Dr. Andrew H. Weaver

Rome boasted one of the richest, most vibrant musical centers in seventeenth-century Europe. Unlike many city-states, where musical patronage was confined primarily to a single central court, Rome was home to a variety of musical establishments: the Papal court was of course the most famous, but no less lavish were the chapels of the prominent Cardinals vying to be the next Pope, as well as those of prominent religious orders, especially the Jesuits and the Oratorians.

This seminar shall examine three important genres of music cultivated in seventeenth-century Rome, all of which partake of the sacred in different ways: the Latin motet, the Italian and Latin oratorio, and the Italian opera on a religious theme. We will place each genre into the rich religious, political, and cultural context of Rome, focusing on the first half of the seventeenth century. Much emphasis will be placed on context, with detailed examinations of the noble and ecclesiastical patrons of music and the functions that the genres served for the patrons, but just as much attention will also be given to close musical analyses of specific works. Our analyses will encompass a variety of issues and analytical techniques—such as text choice, text–music relationship, harmonic symbolism, formal–structural analysis, and rhetorical expression of the affects—all with the aim of elucidating musical meaning and understanding how the compositions would have spoken to seventeenth-century listeners.

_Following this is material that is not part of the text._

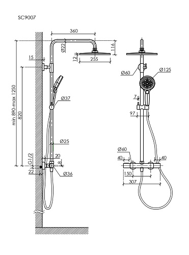 Душевая стойка со встроенным термостатом; Термостат с высокочувствительным катриджем SEDAL (Испания) мгновенно настраивает желаемую температуру воды; Предустановленный ограничитель температуры при 40°; Система защиты от ожогов при отключении холодной воды; Встроенный клапан защиты от обратного потока: Интегрированный в корпус смесителя переключатель потоков воды; Возможность регулировки штанги по высоте; Верхний душ 250 мм с возможностью настройки наклона; Ручной душ пластик, 3 режима; Гибкий шланг с системой защиты от перекручивания - 1,5 м , материал - пластик; Цвет вороненая сталь

Throughout the semester, each student shall also engage closely with a printed primary source (in facsimile), dealing with such issues as transcription, text and music editing, and performance issues, as well as putting the source into its context and teasing larger meaning out of it.

Classes shall be conducted primarily as discussion, with frequent student presentations and short papers. Students shall have weekly reading and analytical assignments, in addition to assignments relating to their primary source. There will also be a final independent research paper; this may be related to the primary source, but it could also be another topic entirely, of the student’s choosing.